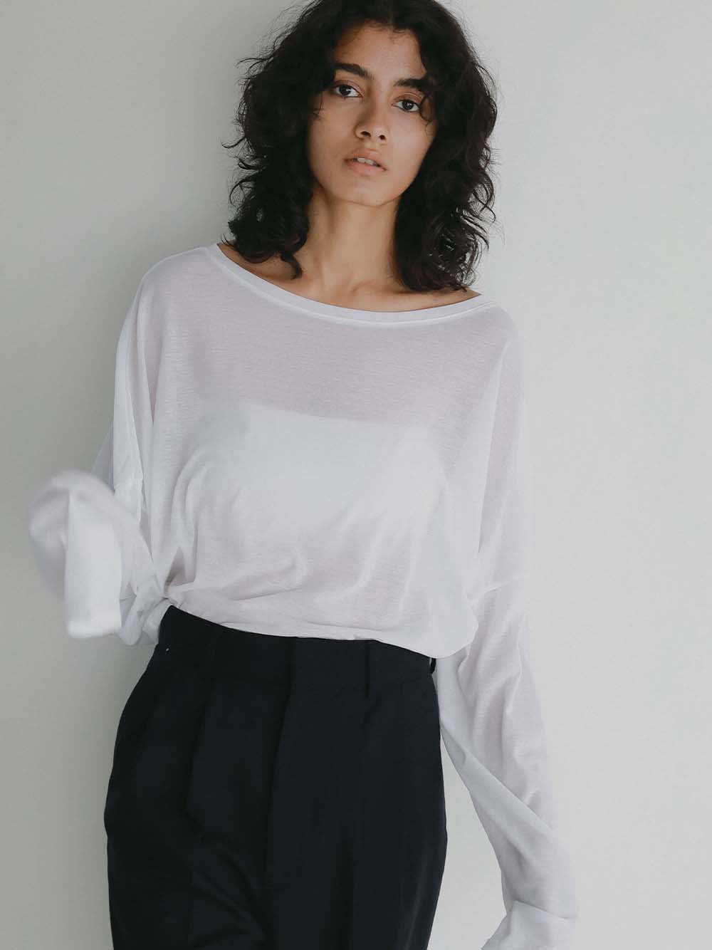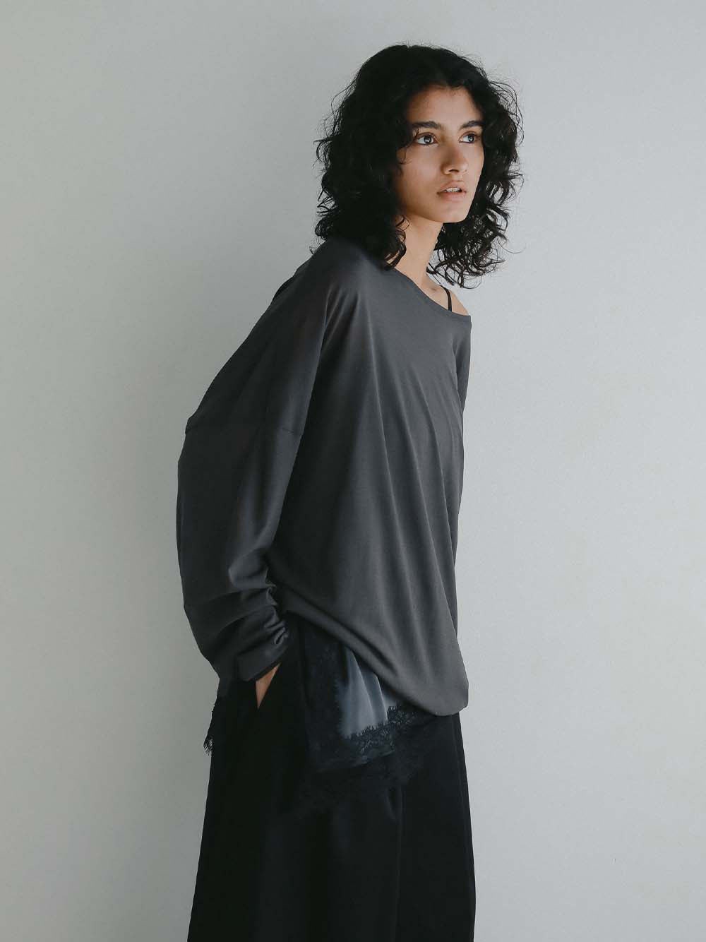 シアーカットソーと同素材のビッグシルエットプルオーバー。
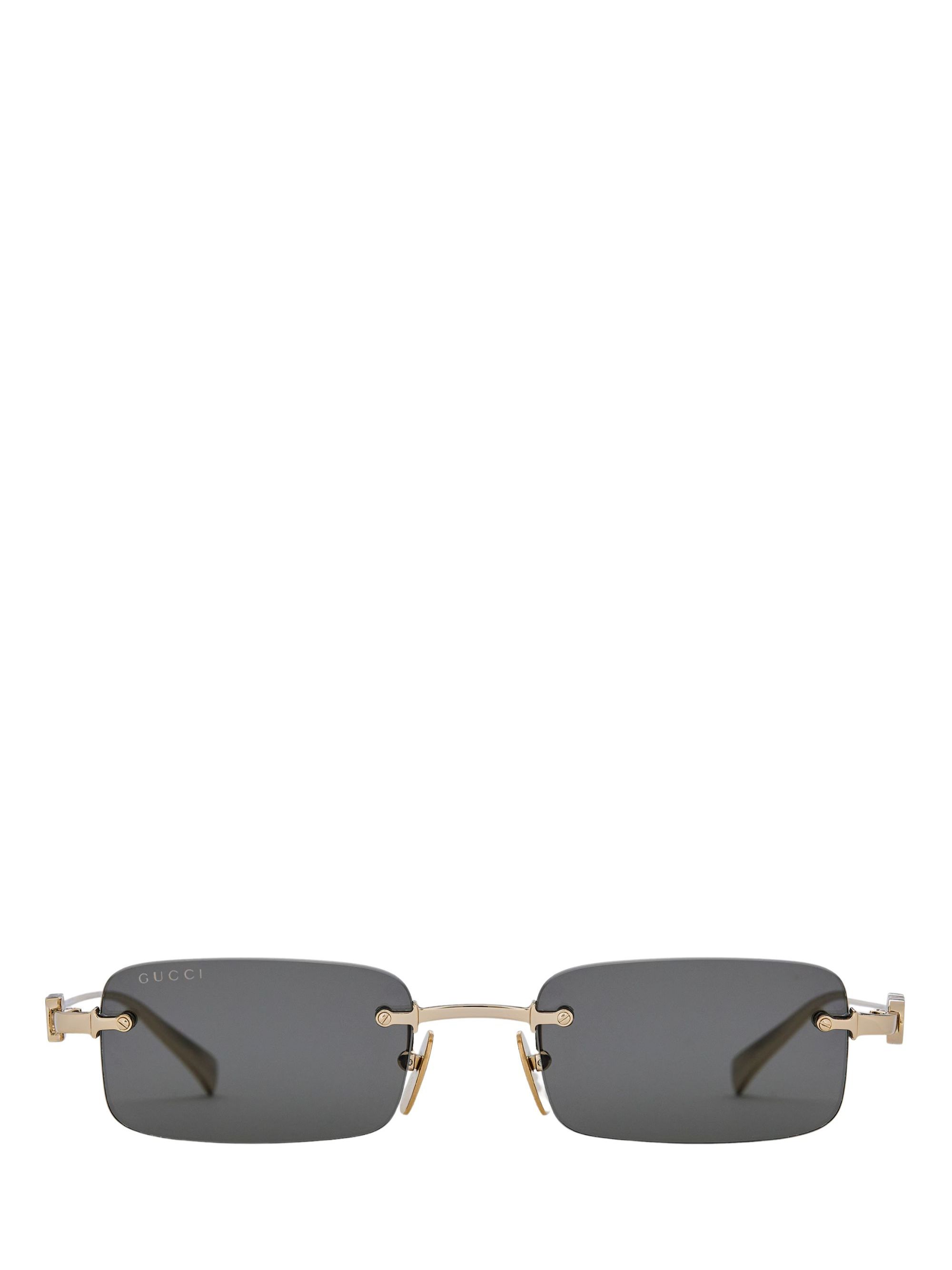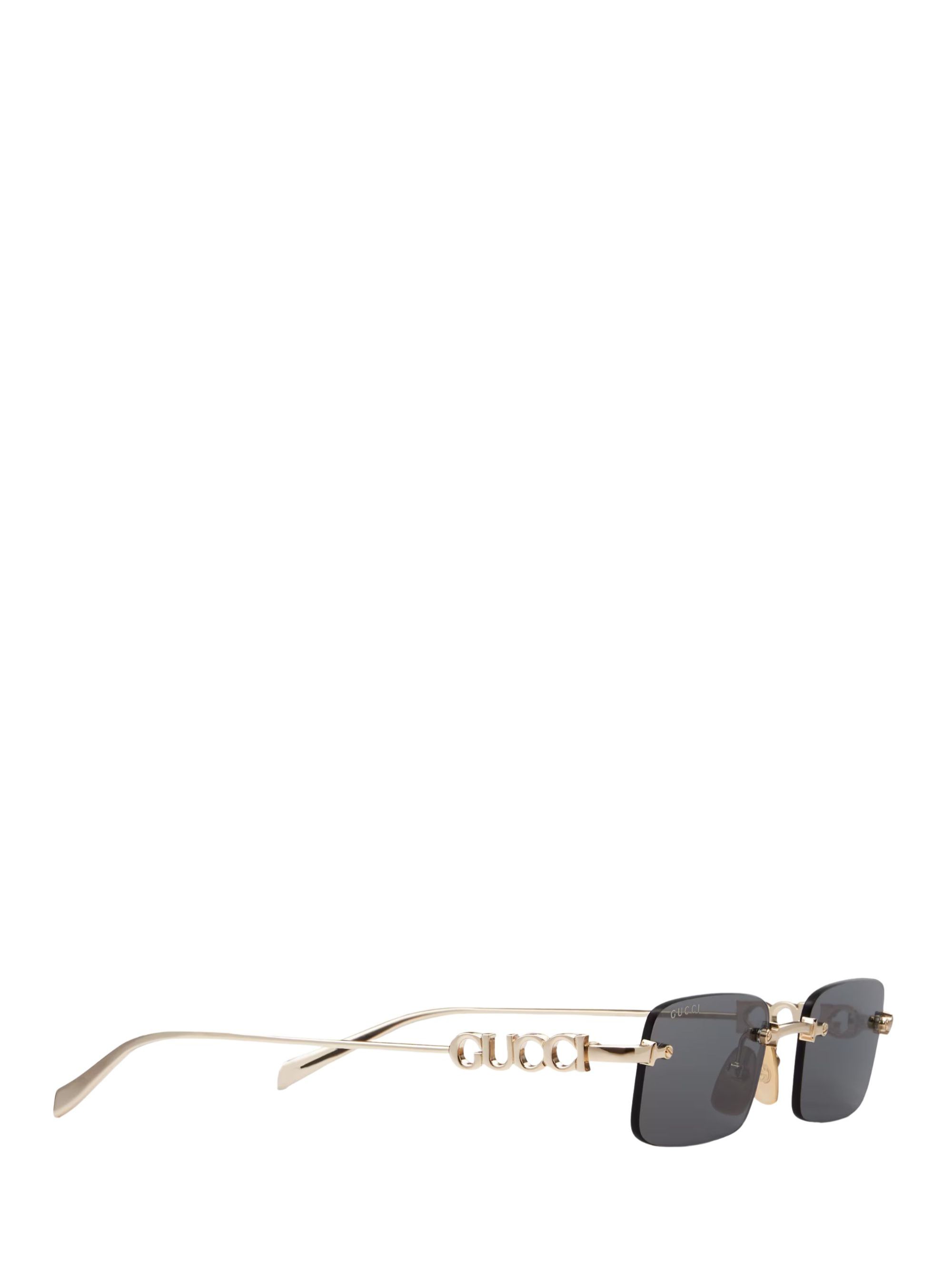 GUCCI gold rectangular sunglasses in metal with cut-out logo, grey lenses with total UVA/UVB protection.
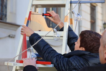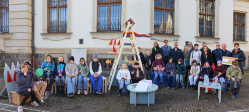 Anschließend war es Zeit, gemeinsam das Kunstwerk in Augenschein zu nehmen. Doch ganz fertig war das Werk noch nicht! Ein letztes Element, die Wetterfahne, fehlte noch. Deren symbolische Anbringung nahmen Franziska Kunz und Bürgermeister Jörg Schmeißer gemeinsam vor und vollendeten das Kunstwerk, welches nun vor der Neobarocken Post zum Verweilen einlädt. Es stellt einen Ort in der Meeraner Innenstadt dar, der von Bürgerinnen und Bürgern aktiv genutzt werden soll. Es ist Kunst, die nicht nur zum Anschauen und Bestaunen, sondern zum Benutzen gemacht ist! Die märchenhafte Geschichte zu dieser außergewöhnlichen Sitzgruppe, welche die Kinder zum Beginn der Feierstunde vortrugen, kann auch nachgelesen werden! Die Erzählung rund um den König und die Meerjungfrau ist in einem großen Buch aus Holz mit tollen Illustrationen zu lesen, welches Bestandteil des Kunstobjektes ist.
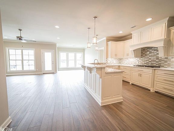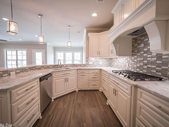 Beautiful new build by award-winning Parkinson Building Group on this quiet corner lot in Chenal Elementary. Tall ceilings +wide foyer +open floor plan. Kitchen: large granite breakfast island w/ custom trim +stainless apps +walk-in pantry. Large windows. Dining & hearth/living. Covered patio. Vaulted ceiling Master is separate: his/her knee-space vanity +walk-in shower +tub +walk-in closet. Mudroom: built-in lockers + Laundry. Near Promenade & Wildwood Park (105 acre botanical garden: trails + events).
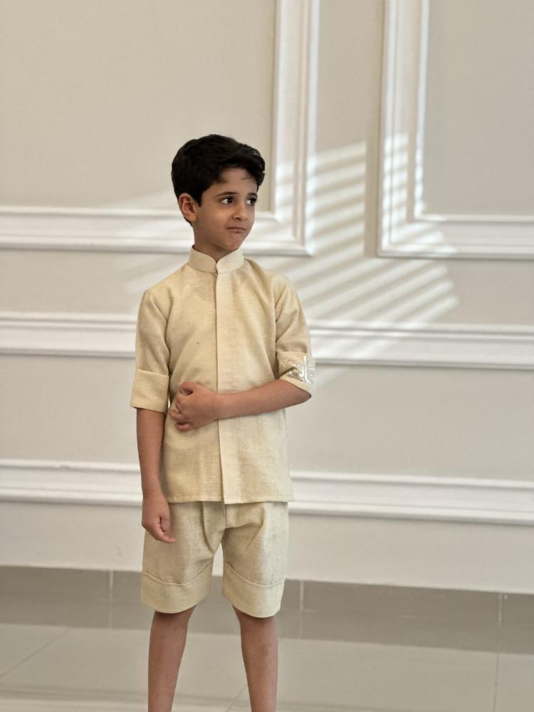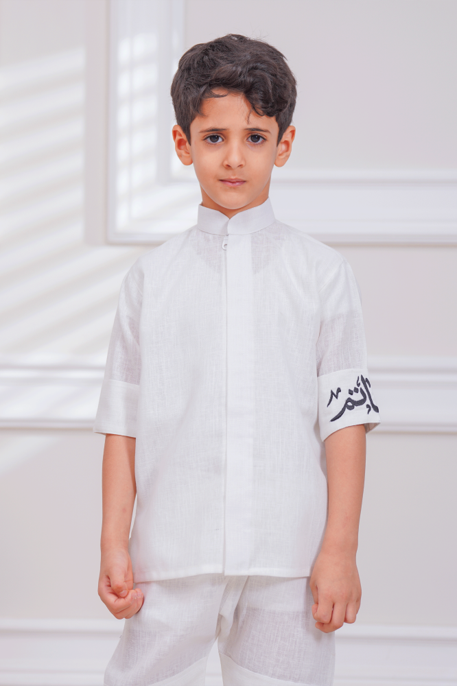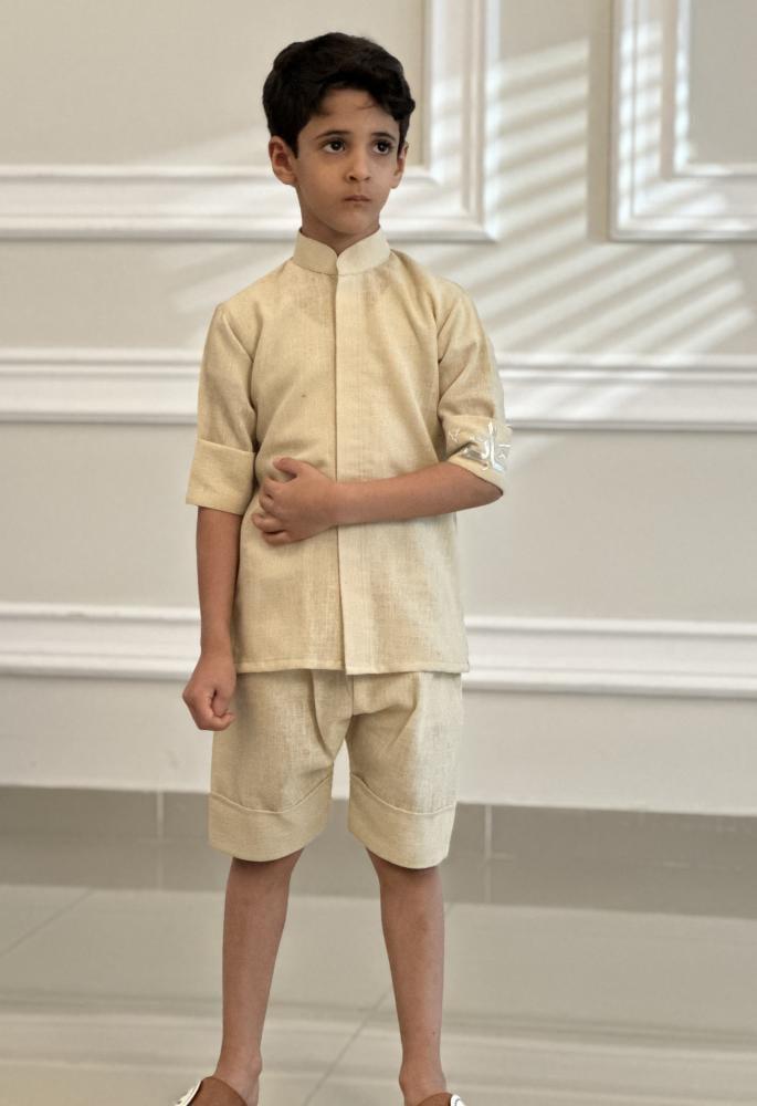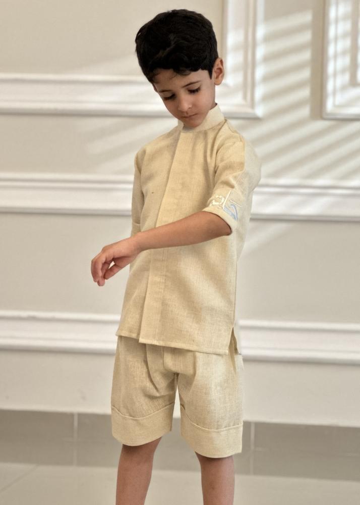 طقم ولادي قميص مع شورت مطرز بالاسم

* _WHAT YOU NEED TO DO_: Once the pictures are set aside, what is needed is the lines from the line with "Beautiful new build" through the end of the data, written out exactly and alone.

* _TASK SOLUTION_:
 Beautiful new build by award-winning Parkinson Building Group on this quiet corner lot in Chenal Elementary. Tall ceilings +wide foyer +open floor plan. Kitchen: large granite breakfast island w/ custom trim +stainless apps +walk-in pantry. Large windows. Dining & hearth/living. Covered patio. Vaulted ceiling Master is separate: his/her knee-space vanity +walk-in shower +tub +walk-in closet. Mudroom: built-in lockers + Laundry. Near Promenade & Wildwood Park (105 acre botanical garden: trails + events).
 طقم ولادي قميص مع شورت مطرز بالاسم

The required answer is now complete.